ControlH Language and Tools

ControlH Language

The look-and-feel of the ControlH language was developed to mirror traditional notations in the fields of guidance, navigation and control, which rely on the mathematics of dynamical system modeling and systems of differential and difference equations. ControlH allows specification of hierarchical block diagrams constructed from primitive mathematical operations. In ControlH, the inputs and outputs of operators are time-varying signals. The operators provide a mapping from time-varying input signals to time-varying output signals, where feed-back loops from outputs to inputs almost invariably appear. Computer simulations or implementations of such specifications are performed using a sampled data computation paradigm in which the operators are evaluated periodically at some rate, mapping discrete-time samples of input signals to discrete-time output samples. This model of behavior and computation underlies the basic constructs of the ControlH language: variables and named constants, states, operators, processes, global blocks of variables and named constants, and conditionals.

The ControlH language has both a textual and a graphical syntax. The figure below illustrates the general structure of ControlH specifications using the graphical syntax. The operator shown on the left has as its implementation the block diagram shown on the right. This graphical specification can be automatically translated to a ControlH textual version. The graphical editor allows the implementation of a graphical operator to be defined textually where this is more convenient (e.g. equations).

ControlH provides a set of primitive or basic data (signal) types and operators that are appropriate for GN&C applications. The data types defined in ControlH currently include booleans; switches (essentially enumerated types); integer scalars, vectors and matrices; real scalars, vectors and matrices; discrete-time and continuous-time state spaces; and one-, two-, three-, and four-dimensional data tables. An extensive set of primitive operators is provided for all these primitive types.

A key feature of the ControlH language is the ability to specify generic or polymorphic operators. These are operators whose exact meaning depends on the types of the input values used in a particular invocation or call to that operator. To put this another way, certain details of the definition of the operator can be automatically tailored based on the diagram in which that operator is used. This finds its greatest use in writing generic operators that can manipulate scalars, vectors or matrices interchangeably without built-in knowledge of dimensionality, but the mechanism is a fairly general one that can also be applied in other ways. Such features provide essential support for developing reusable GN&C architecture specifications.

Within the context of ControlH and GN&C engineering, the term "state" has a rich and precise meaning. In ControlH, a state provides retention of values between successive executions of an operator, encapsulation of data within an operator, initialization, and assurance of semantic correctness with respect to the sampled data computation model. The features of the language support and help assure the correct maintenance of state in a ControlH specification and the resulting code.

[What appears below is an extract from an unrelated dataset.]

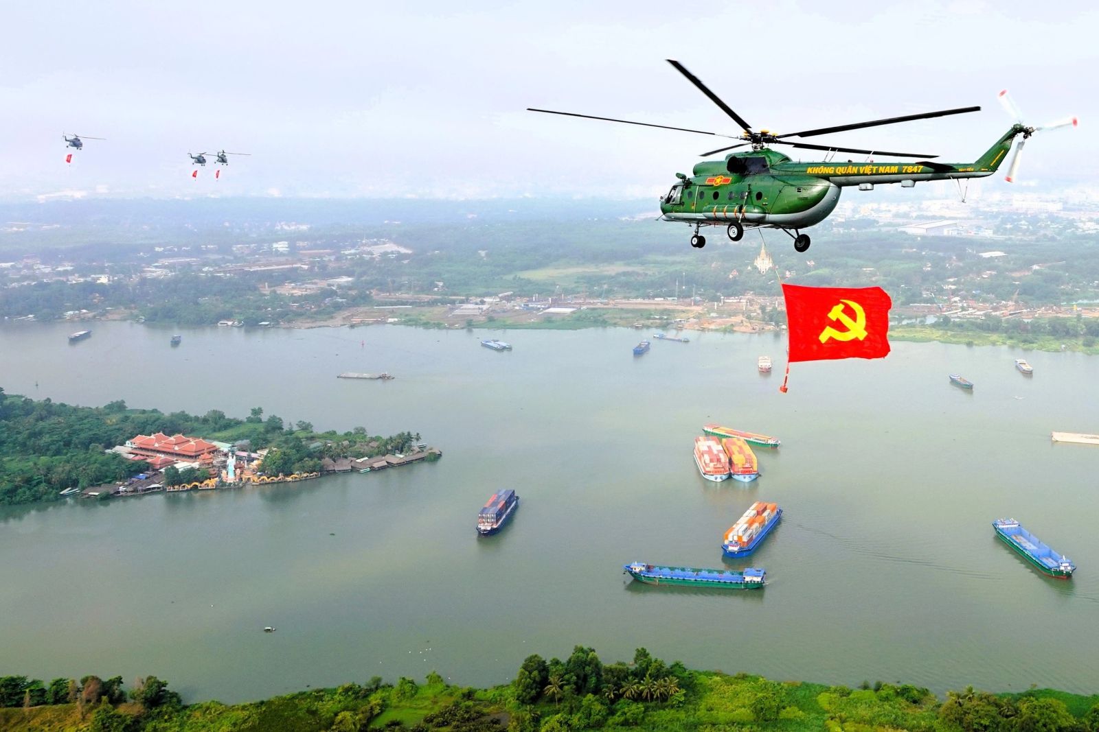 Thành tựu của 40 năm đổi mới về kinh tế, văn hóa, xã hội, quốc phòng, an ninh, quan hệ quốc tế… đem lại lợi ích cho Tổ quốc, nhân dân ta trong những năm qua đã củng cố và nâng cao uy tín của Đảng (Trong ảnh: Máy bay trực thăng quân sự của Quân đội nhân dân Việt Nam bay treo cờ Tổ quốc và cờ Đảng từ sân bay Biên Hòa vào trung tâm Thành phố Hồ Chí Minh trong Lễ kỷ niệm 50 năm Ngày Giải phóng miền Nam, Thống nhất đất nước (30-4-1975 - 30-4-2025)_Ảnh: thanhnien.vn

Many GN&C applications are designed to be run at multiple rates when implemented in software. Different operators in a GN&C algorithm often sample their inputs and produce outputs at different rates, which is to say they are periodically executed with differing periodicities. For these reasons, ControlH supports a multi-process programming environment by incorporating a process object. The specification of a process currently consists of the declaration of its name and its period. Operators can be explicitly assigned to a particular process. Otherwise, an operator defaults to the process of the diagram in which that operator appears. The introduction of a process concept into the language not only supports a clean and intuitive mapping between the ControlH and MetaH views, it also provides a mechanism that allows the GN&C engineer to develop parallel algorithms.

ControlH allows conditional selection of input and output signals through constructs that resemble if-then-else and case statements (typically called switches in GN&C block diagrams).

ControlH allows the specification of global blocks of constants and variables. Global constants make it convenient to define parameterized models and controllers. Global variables make it possible for different operators to access common values in a synchronized manner, including operators executing at different rates in different processes.

There are algorithms which defy a declarative description in pure ControlH. ControlH recognizes this fact by including certain escape mechanisms in the language. In particular, true procedural (sequential) execution of conditionals, loops and assignments is provided in a way that allows users to directly write procedural algorithms for an operator where this is deemed essential.

ControlH Tools

The figure below shows the ControlH tools. ControlH architecture specifications can be developed using either the graphical or the textual syntax, where the tools can automatically translate a graphical into a textual format. The graphical editor allows a textual specification to be entered for an operator that appears in a diagram if this is more convenient than drawing a subdiagram (e.g. direct entry of equations).

Code Generator

The ControlH code generator currently produces either Ada or C software. An important aspect of our approach is the generation of well-structured code. There is a reasonably intuitive mapping from ControlH objects to the language constructs generated from them, and a reasonably intuitive mapping from ControlH objects to objects in the MetaH specification that describes the source code. It is important to note that the mapping between ControlH operators and source language subprograms preserves the modularity of the algorithm. The resulting ease of traceability between specification and implementation is extremely useful during multi-disciplinary trade-off studies and during verification and validation.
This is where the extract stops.